The Day at a Glance | october 4 2022

The Top

*Interest rates in the United States still haven’t reached restrictive territory, and the FED still has a long way to go with the increasing rates cycle: John Williams, NY FED.

*Mexico and the US agree to extend conversations about energy policies; they avoid requesting arbitration under the USMCA.

*Manufacturing activities in the United States decreased strongly during September, according to the ISM (50.9 vs 52.2e.).

*Inflation for producers continues to increase in Europe (43.3% annual, Aug.).

*The United States will announce new limitations on semiconductor and technology exports to China this week.

*North Korea fired a ballistic missile towards Japan for the first time in five years.

Economic environment

Markets challenge the FED`s message. In a public speech given in Phoenix, President of the New York FED, John Williams, assured that the FED`s monetary stance has still not reached a restrictive level concerning growth and that there is still much more left to do regarding interest rate hikes in order to achieve stability in prices. Williams reaffirmed that they must ensure they are taking the necessary measures in order to contain inflation and take it to its 2% target level. He acknowledged that the pace at which the rate is being hiked and its level before there is a pause in interest rate increases will be determined by inflation and the economy`s performance in the following months, but the 4.5% forecasted by members is necessary. He considered that the adjustment in financial conditions in recent months – observed in higher refinancing rates and drops in stock exchanges – could contribute to its task of cooling down consumption and aggregate demand in order to contain the rise in prices.
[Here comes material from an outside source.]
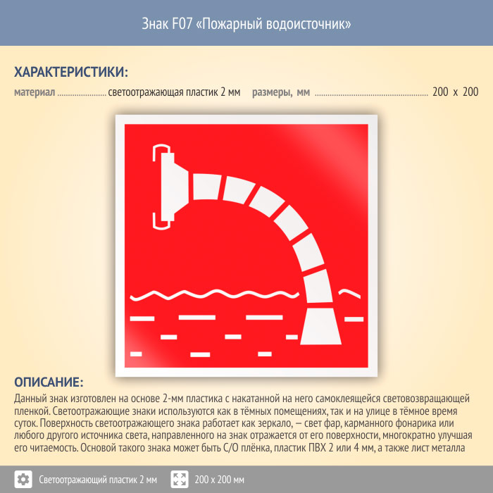 Знак F07 «Пожарный водоисточник» (светоотражающий пластик, 200х200 мм) в Ульяновске купить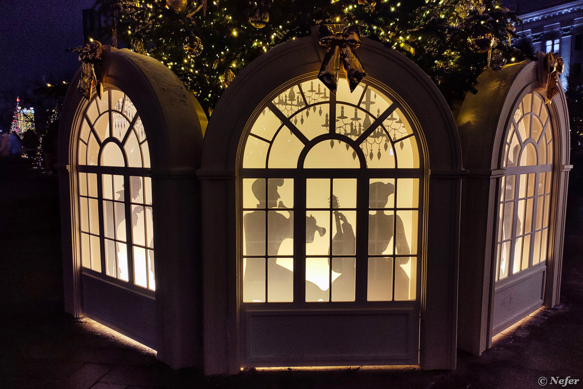 Знаковое место Москвы - Театральная площадь. В сквере у Большого театра инсталляции, будто из сказки. Как будто театральные декорации вынесли на улицу. В фонтане огромные цветы, а вокруг домишки, как в маленьких европейских городках, фотозона с люстрой и трехголовый мышиный король из сказки "Щелкунчик". Центральный Детский Мир на Лубянке украшен светящимися золотыми ключиками. На углу Рождественки стоит гигантский светодиодный Буратино. Вдоль фасада установлены световые инсталляции, много, чтобы всем хватило. А в витринах сюжеты из сказок. Сквер у памятника Карлу Марксу. Место серьезное, вольности тут неуместны. Однако, Новый год! Чуть в стороне елка, а по периметру светящиеся деревья. Фигуру Маркса не тронули. Фонтан Витали, также известный как Петровский фонтан, является одним из старейших в Москве. Он находится на месте водоразборного бассейна, к которому когда-то съезжались водовозы. Чаша фонтана расположена на постаменте, который держат четыре амура, олицетворяющие трагедию, комед

This should eventually lead to a slower increase and an unemployment rate closer to 4.5% in 2023, he assured. Williams believes that markets are still functioning in an orderly manner despite greater volatility and less liquidity. However, markets have started to take into account that the FED could halt its increasing rates cycle in March of 2023 due to economic weakness and risks of a recession in an environment characterized by higher rates. The US manufacturing ISM logged its largest drop in activity in September since 2020, and events in other parts of the world (the Central Bank of England`s resuming bond purchases; a lower than expected increase in rates in Australia) are feeding the idea that central banks are leading up to a pause in their aggressive stances against inflation. With this, the dollar has weakened in today`s trading session and stock markets have logged a firm recovery along with long-term bonds. However, the last time that markets bet on a pause on behalf of central banks, they were surprised by decisive actions and inflationary data that still hasn’t allowed to confirm that rates have reached their highest levels.